Mentioned in SAL (#wikimedia-operations) [2025-11-20T18:27:00Z] <sukhe> sukhe@lvs1020:~$ sudo systemctl restart pybal.service: T406222

all backing servers have been marked as pooled:

gehel@cumin2002:~$ sudo confctl select service=druid-public-coordinator get
{"druid1011.eqiad.wmnet": {"weight": 10, "pooled": "yes"}, "tags": "dc=eqiad,cluster=druid-public,service=druid-public-coordinator"}
{"druid1012.eqiad.wmnet": {"weight": 10, "pooled": "yes"}, "tags": "dc=eqiad,cluster=druid-public,service=druid-public-coordinator"}
{"druid1013.eqiad.wmnet": {"weight": 10, "pooled": "yes"}, "tags": "dc=eqiad,cluster=druid-public,service=druid-public-coordinator"}
{"druid1009.eqiad.wmnet": {"weight": 10, "pooled": "yes"}, "tags": "dc=eqiad,cluster=druid-public,service=druid-public-coordinator"}
{"druid1010.eqiad.wmnet": {"weight": 10, "pooled": "yes"}, "tags": "dc=eqiad,cluster=druid-public,service=druid-public-coordinator"}

@ssingh : I think the service is now ready. Could you help us move this to lvs_setup and production state? Is there something else missing from our side?
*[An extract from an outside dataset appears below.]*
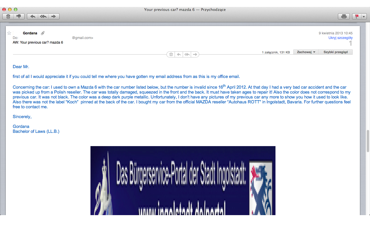 Normalnie aż się zarejestrowałem żeby to napisać bo mnie skręca jak coś takiego widzę. To sie tyczy zarówno adminów jak i przede wszystkim kolegi Zas3k. Jesteś bardzo rezolutnym człowiekiem znajdując maila poprzedniej właścicielki tej mazdy ale........... skoro kobieta Ci pomaga i pisze jak było naprawdę z jej samochodem to bądź tak miły przynajmniej zasłoń jej dane osobowe. Ludzie, to jest internet a to forum nie jest nawet zabezpieczone hasłem dla "wybranych". Nie wiem czy ktokolwiek na forum podał swoje imię i nazwisko, plus miejsce ukończenia studiów ale kolega Zas3k nie miał problemu w opublikowaniu go wszem i wobec i to obcej osoby... Prośba do Adminów – wykasujcie panowie tego screena bo "normalnie to chamstwo jest". A Ty kolega Zas3k-u bądź tak rezolutny przy udostępnianiu cudzych danych jak byłeś w poszukiwaniu jej mail-a.

Change #1216793 had a related patch set uploaded (by Gehel; author: Gehel):

[operations/puppet@production] LVS: set druid-coordinator to state lvs_setup

https://gerrit.wikimedia.org/r/1216793

Change #1216793 merged by Gehel:

[operations/puppet@production] LVS: set druid-coordinator to state lvs_setup

https://gerrit.wikimedia.org/r/1216793

Mentioned in SAL (#wikimedia-operations) [2025-12-09T13:48:54Z] <gehel> sudo cumin 'A:lvs-secondary-eqiad' 'systemctl restart pybal.service' - T406222

Mentioned in SAL (#wikimedia-operations) [2025-12-09T13:53:42Z] <gehel> sudo cumin 'A:lvs-low-traffic-eqiad' 'systemctl restart pybal.service' - T406222

This seems to be working, sending an HTTP 307 redirect to one of the druid node:

gehel@cumin1003:~$ curl -v -k http://druid-public-coordinator.svc.eqiad.wmnet:8081
* Uses proxy env variable no_proxy == 'wikipedia.org,wikimedia.org,wikibooks.org,wikinews.org,wikiquote.org,wikisource.org,wikiversity.org,wikivoyage.org,wikidata.org,wikiworkshop.org,wikifunctions.org,wiktionary.org,mediawiki.org,wmfusercontent.org,w.wiki,wikimediacloud.org,wmnet,127.0.0.1,::1'
*   Trying 10.2.2.15:8081...
* Connected to druid-public-coordinator.svc.eqiad.wmnet (10.2.2.15) port 8081 (#0)
> GET / HTTP/1.1
> Host: druid-public-coordinator.svc.eqiad.wmnet:8081
> User-Agent: curl/7.88.1
> Accept: */*
> 
< HTTP/1.1 307 Temporary Redirect
< Date: Tue, 09 Dec 2025 13:55:21 GMT
< Location: http://druid1009.eqiad.wmnet:8081/
< Content-Length: 0
< Server: Jetty(9.4.12.v20180830)
< 
* Connection #0 to host druid-public-coordinator.svc.eqiad.wmnet left intact

Change #1216797 had a related patch set uploaded (by Gehel; author: Gehel):

[operations/puppet@production] LVS: set druid-coordinator to state production

https://gerrit.wikimedia.org/r/1216797

Change #1216797 merged by Gehel:

[operations/puppet@production] LVS: set druid-coordinator to state production

https://gerrit.wikimedia.org/r/1216797

HTTP calls to druid-public-coordinator.svc.eqiad.wmnet:8081 result in an HTTP 307 redirect. I'm assuming that this is expected and that clients will follow those redirects.